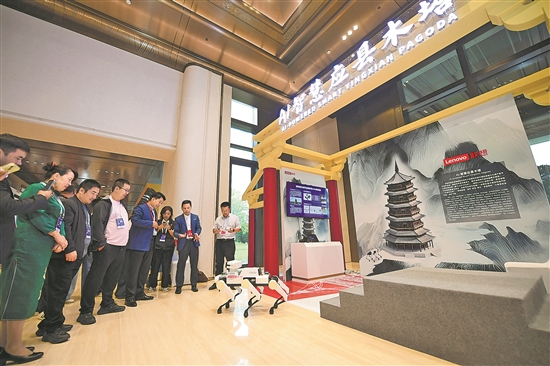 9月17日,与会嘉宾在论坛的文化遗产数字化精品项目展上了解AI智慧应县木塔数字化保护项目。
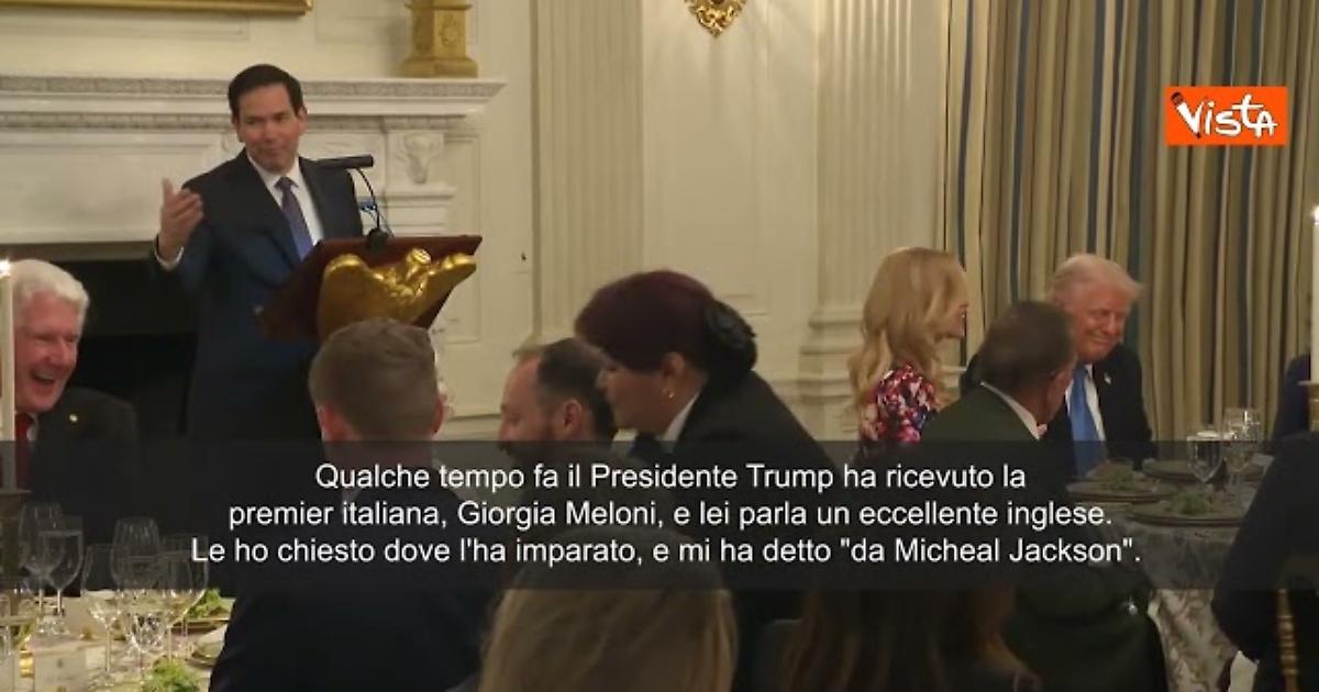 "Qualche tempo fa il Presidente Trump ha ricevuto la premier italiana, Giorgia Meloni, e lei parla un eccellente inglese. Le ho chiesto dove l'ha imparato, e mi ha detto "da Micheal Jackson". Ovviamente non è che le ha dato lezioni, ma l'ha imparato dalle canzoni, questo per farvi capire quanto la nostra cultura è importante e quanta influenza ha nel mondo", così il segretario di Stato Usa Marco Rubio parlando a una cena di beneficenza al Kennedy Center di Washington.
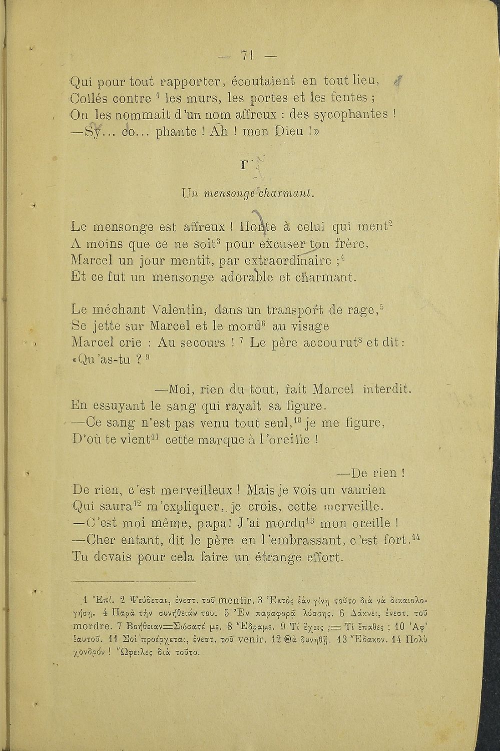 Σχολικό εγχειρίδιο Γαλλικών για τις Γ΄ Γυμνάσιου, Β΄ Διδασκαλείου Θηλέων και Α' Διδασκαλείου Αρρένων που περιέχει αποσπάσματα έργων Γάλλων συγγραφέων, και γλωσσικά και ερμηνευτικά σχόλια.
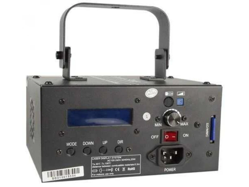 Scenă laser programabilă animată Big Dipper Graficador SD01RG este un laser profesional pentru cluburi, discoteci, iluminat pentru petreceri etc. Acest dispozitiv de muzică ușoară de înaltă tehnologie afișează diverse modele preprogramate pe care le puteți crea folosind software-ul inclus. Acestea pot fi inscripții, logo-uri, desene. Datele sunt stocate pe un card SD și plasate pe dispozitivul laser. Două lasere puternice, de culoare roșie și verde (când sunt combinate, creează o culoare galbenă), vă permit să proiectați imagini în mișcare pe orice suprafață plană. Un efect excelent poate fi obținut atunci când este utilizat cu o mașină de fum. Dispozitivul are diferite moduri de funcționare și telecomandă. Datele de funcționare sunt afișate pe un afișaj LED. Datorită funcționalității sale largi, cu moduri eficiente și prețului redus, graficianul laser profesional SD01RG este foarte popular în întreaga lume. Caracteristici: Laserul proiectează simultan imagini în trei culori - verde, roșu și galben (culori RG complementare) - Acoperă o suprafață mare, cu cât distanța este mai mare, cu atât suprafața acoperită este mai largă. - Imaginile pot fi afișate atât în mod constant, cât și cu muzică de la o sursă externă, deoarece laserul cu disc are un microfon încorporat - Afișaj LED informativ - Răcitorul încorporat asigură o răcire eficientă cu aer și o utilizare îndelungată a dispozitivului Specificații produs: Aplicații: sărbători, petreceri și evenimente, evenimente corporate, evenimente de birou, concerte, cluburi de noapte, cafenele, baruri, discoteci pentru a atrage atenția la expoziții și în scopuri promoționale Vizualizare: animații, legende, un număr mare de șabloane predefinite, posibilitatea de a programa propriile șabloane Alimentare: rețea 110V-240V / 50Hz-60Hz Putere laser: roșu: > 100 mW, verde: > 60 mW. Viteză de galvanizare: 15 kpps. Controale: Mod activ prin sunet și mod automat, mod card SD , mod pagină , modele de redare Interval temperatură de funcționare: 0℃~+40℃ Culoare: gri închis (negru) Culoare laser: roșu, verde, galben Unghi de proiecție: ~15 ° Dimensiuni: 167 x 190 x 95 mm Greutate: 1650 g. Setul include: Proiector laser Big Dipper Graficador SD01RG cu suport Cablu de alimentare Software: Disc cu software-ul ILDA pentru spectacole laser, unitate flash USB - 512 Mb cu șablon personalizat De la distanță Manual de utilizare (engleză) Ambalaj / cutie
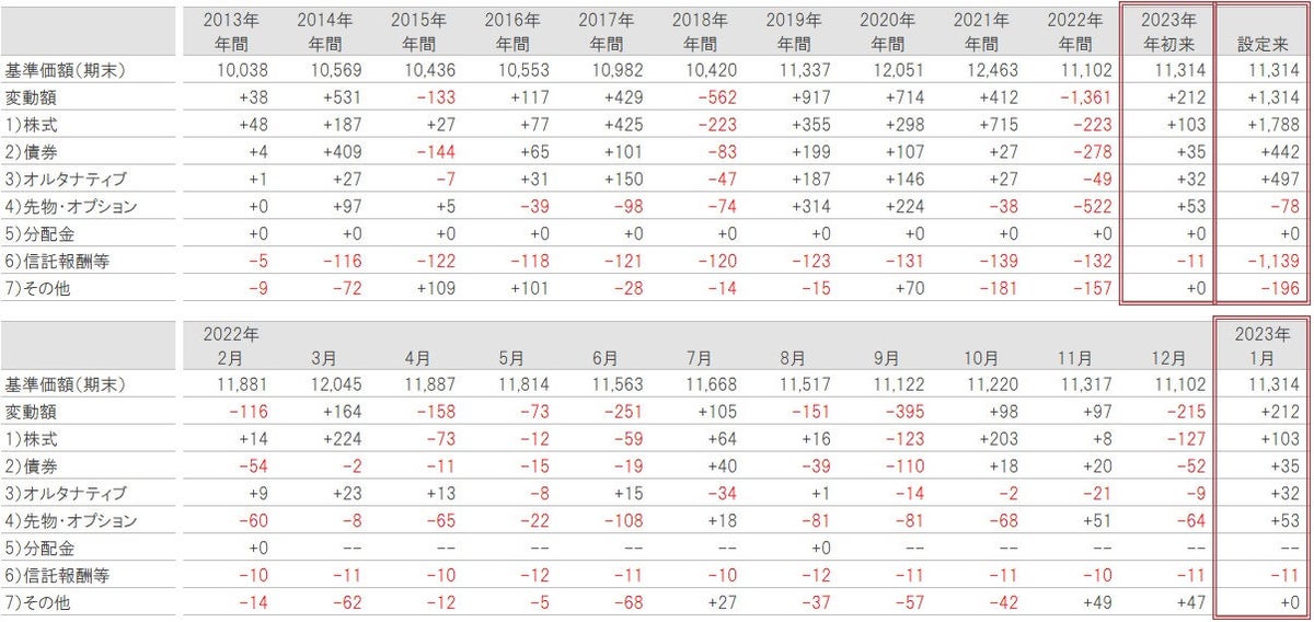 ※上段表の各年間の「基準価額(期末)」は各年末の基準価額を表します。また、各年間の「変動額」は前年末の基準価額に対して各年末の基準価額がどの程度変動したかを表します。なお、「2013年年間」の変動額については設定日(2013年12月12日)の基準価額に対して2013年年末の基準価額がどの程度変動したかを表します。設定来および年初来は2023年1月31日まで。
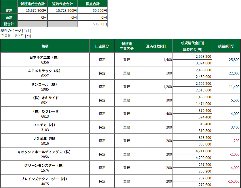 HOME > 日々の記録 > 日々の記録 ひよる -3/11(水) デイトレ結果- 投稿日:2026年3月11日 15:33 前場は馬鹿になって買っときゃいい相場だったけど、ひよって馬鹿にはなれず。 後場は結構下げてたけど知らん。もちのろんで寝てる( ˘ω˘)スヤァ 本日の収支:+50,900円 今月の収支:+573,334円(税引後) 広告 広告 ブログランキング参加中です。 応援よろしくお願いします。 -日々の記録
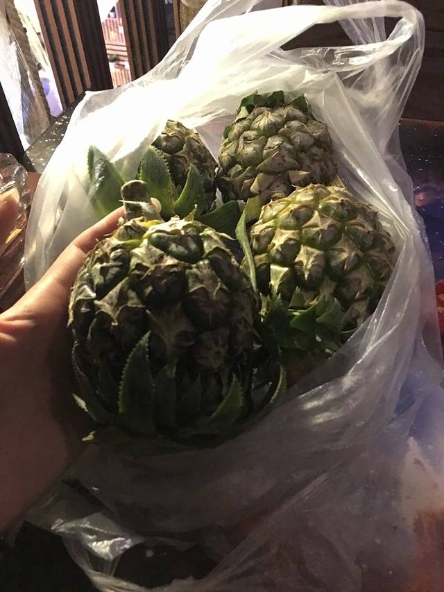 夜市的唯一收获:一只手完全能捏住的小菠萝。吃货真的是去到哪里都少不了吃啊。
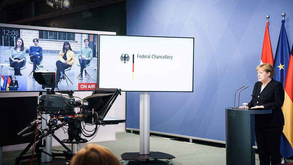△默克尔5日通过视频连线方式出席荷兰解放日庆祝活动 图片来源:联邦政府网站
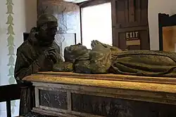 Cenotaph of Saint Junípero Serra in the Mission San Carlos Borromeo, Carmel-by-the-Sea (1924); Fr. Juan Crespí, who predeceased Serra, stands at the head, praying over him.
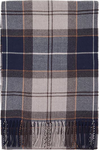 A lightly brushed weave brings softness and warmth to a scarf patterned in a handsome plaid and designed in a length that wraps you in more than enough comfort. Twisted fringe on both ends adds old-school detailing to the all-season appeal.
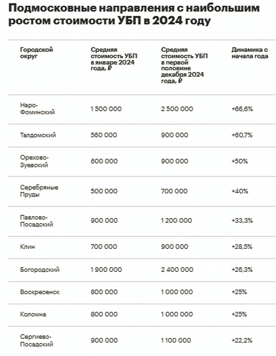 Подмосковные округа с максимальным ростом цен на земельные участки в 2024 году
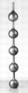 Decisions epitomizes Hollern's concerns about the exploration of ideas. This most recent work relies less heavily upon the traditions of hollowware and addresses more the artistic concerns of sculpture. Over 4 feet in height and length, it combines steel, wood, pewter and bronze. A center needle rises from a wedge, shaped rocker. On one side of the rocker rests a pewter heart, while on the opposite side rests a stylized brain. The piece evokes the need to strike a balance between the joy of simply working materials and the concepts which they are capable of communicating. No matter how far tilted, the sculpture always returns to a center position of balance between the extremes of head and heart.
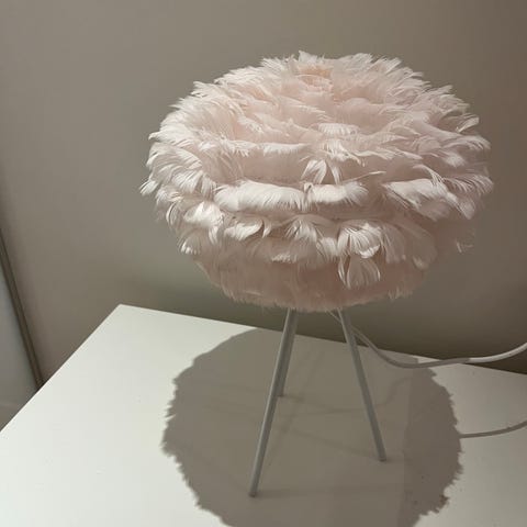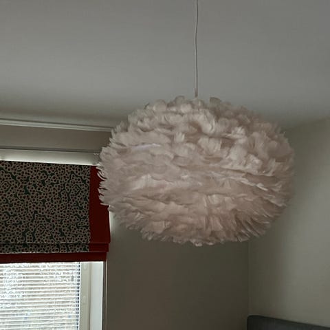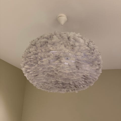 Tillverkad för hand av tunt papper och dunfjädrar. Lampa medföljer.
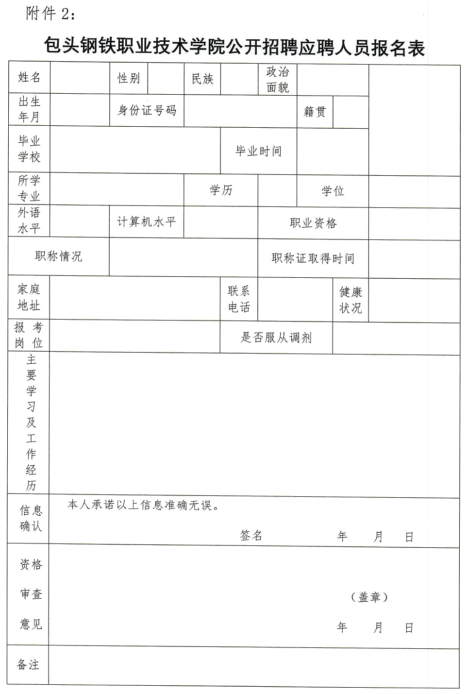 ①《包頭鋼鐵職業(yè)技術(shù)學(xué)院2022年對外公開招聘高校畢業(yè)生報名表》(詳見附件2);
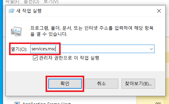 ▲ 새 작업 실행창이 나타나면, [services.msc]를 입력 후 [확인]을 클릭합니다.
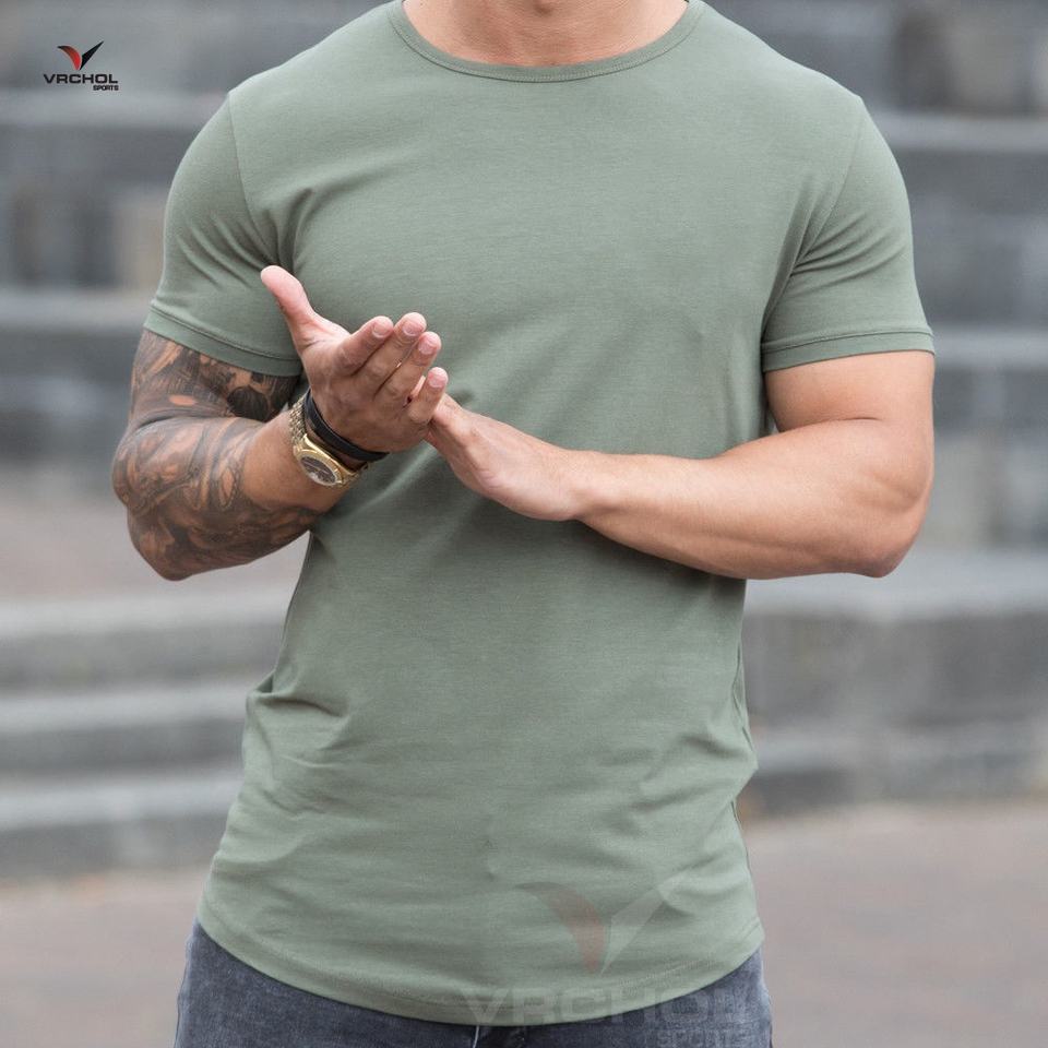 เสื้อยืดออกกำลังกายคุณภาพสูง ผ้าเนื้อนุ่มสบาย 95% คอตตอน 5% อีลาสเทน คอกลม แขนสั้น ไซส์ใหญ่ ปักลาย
####
HOW TO COMPLETE THIS TASK: A word-for-word copy of the lines from the start of the listing through the line containing "Center di Washington." is the answer. Pictures stay out of it.

ANSWER SECTION:
 9月17日,与会嘉宾在论坛的文化遗产数字化精品项目展上了解AI智慧应县木塔数字化保护项目。
 "Qualche tempo fa il Presidente Trump ha ricevuto la premier italiana, Giorgia Meloni, e lei parla un eccellente inglese. Le ho chiesto dove l'ha imparato, e mi ha detto "da Micheal Jackson". Ovviamente non è che le ha dato lezioni, ma l'ha imparato dalle canzoni, questo per farvi capire quanto la nostra cultura è importante e quanta influenza ha nel mondo", così il segretario di Stato Usa Marco Rubio parlando a una cena di beneficenza al Kennedy Center di Washington.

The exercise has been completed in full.